◆ Action item ◆
Which of the lines in the data mention the string "from"? List them all.

◆ Provided records ◆
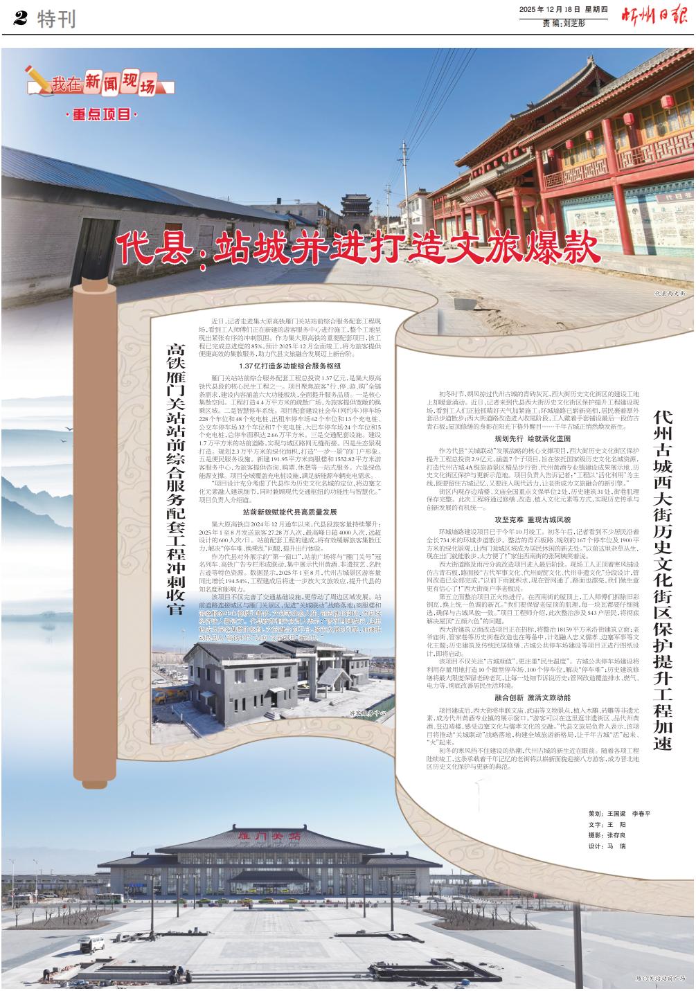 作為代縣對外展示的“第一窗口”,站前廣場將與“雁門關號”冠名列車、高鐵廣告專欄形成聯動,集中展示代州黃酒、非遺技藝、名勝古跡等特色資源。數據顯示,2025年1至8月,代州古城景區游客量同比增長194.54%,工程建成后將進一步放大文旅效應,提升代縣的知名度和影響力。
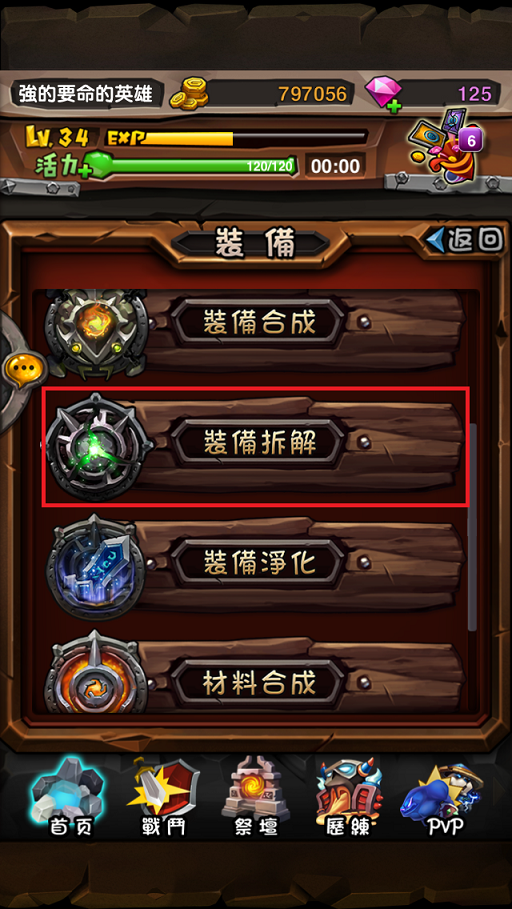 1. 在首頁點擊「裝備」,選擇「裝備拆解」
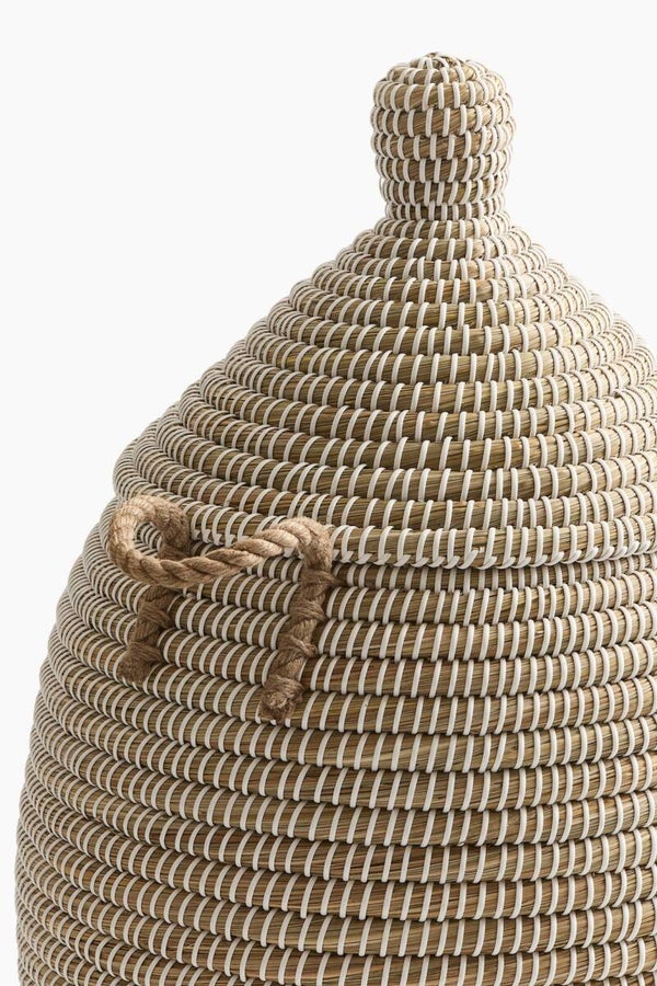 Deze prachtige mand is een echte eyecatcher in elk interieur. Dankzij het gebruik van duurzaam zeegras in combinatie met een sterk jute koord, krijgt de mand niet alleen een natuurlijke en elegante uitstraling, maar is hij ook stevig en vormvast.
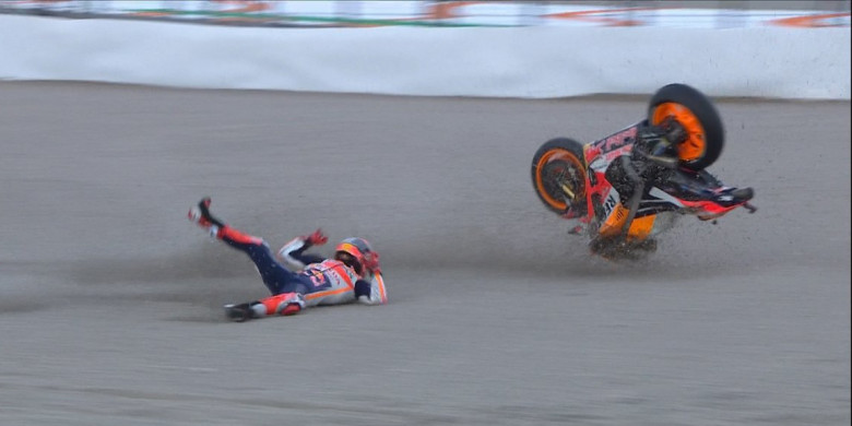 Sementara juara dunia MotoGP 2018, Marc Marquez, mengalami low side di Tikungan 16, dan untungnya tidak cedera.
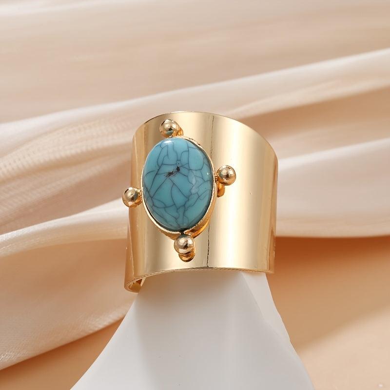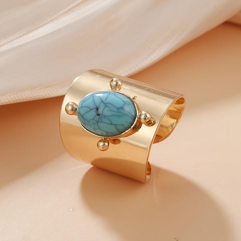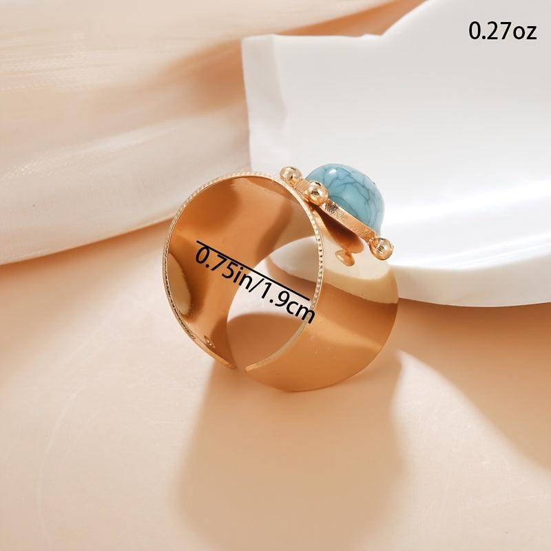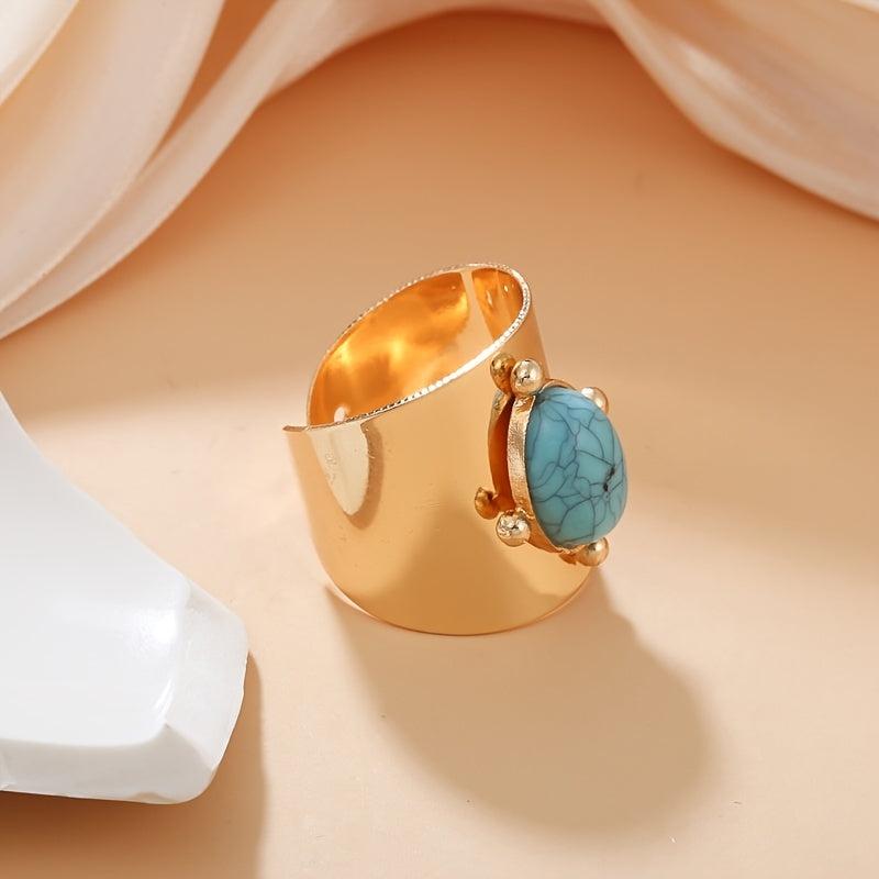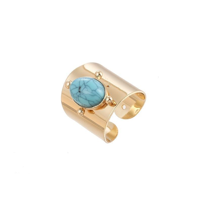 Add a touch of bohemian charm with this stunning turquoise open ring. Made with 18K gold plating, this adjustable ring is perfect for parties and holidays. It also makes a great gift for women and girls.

==

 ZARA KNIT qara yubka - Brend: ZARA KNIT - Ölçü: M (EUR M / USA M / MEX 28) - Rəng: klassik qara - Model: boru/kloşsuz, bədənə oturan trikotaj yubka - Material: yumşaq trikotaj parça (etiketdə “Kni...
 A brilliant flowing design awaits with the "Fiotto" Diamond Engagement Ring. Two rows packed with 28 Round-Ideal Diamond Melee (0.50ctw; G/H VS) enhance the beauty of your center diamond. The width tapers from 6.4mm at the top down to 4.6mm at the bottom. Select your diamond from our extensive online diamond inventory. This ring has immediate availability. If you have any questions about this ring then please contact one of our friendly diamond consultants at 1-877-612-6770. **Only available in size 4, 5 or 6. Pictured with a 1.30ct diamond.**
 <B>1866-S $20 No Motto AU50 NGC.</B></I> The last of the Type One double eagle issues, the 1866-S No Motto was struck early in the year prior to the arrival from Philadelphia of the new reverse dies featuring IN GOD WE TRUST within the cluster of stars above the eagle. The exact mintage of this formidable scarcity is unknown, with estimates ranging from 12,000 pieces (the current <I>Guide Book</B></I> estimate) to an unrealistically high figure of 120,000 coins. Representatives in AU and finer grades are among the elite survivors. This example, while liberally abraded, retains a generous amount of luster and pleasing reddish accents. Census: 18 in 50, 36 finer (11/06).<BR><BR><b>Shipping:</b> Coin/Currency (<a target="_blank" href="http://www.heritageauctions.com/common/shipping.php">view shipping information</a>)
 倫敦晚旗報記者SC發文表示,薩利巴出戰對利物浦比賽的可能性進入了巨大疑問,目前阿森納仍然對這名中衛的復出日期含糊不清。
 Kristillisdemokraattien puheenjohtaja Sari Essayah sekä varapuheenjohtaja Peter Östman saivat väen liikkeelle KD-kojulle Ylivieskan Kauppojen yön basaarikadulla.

◆ Expected answer ◆
 A brilliant flowing design awaits with the "Fiotto" Diamond Engagement Ring. Two rows packed with 28 Round-Ideal Diamond Melee (0.50ctw; G/H VS) enhance the beauty of your center diamond. The width tapers from 6.4mm at the top down to 4.6mm at the bottom. Select your diamond from our extensive online diamond inventory. This ring has immediate availability. If you have any questions about this ring then please contact one of our friendly diamond consultants at 1-877-612-6770. **Only available in size 4, 5 or 6. Pictured with a 1.30ct diamond.**
 <B>1866-S $20 No Motto AU50 NGC.</B></I> The last of the Type One double eagle issues, the 1866-S No Motto was struck early in the year prior to the arrival from Philadelphia of the new reverse dies featuring IN GOD WE TRUST within the cluster of stars above the eagle. The exact mintage of this formidable scarcity is unknown, with estimates ranging from 12,000 pieces (the current <I>Guide Book</B></I> estimate) to an unrealistically high figure of 120,000 coins. Representatives in AU and finer grades are among the elite survivors. This example, while liberally abraded, retains a generous amount of luster and pleasing reddish accents. Census: 18 in 50, 36 finer (11/06).<BR><BR><b>Shipping:</b> Coin/Currency (<a target="_blank" href="http://www.heritageauctions.com/common/shipping.php">view shipping information</a>)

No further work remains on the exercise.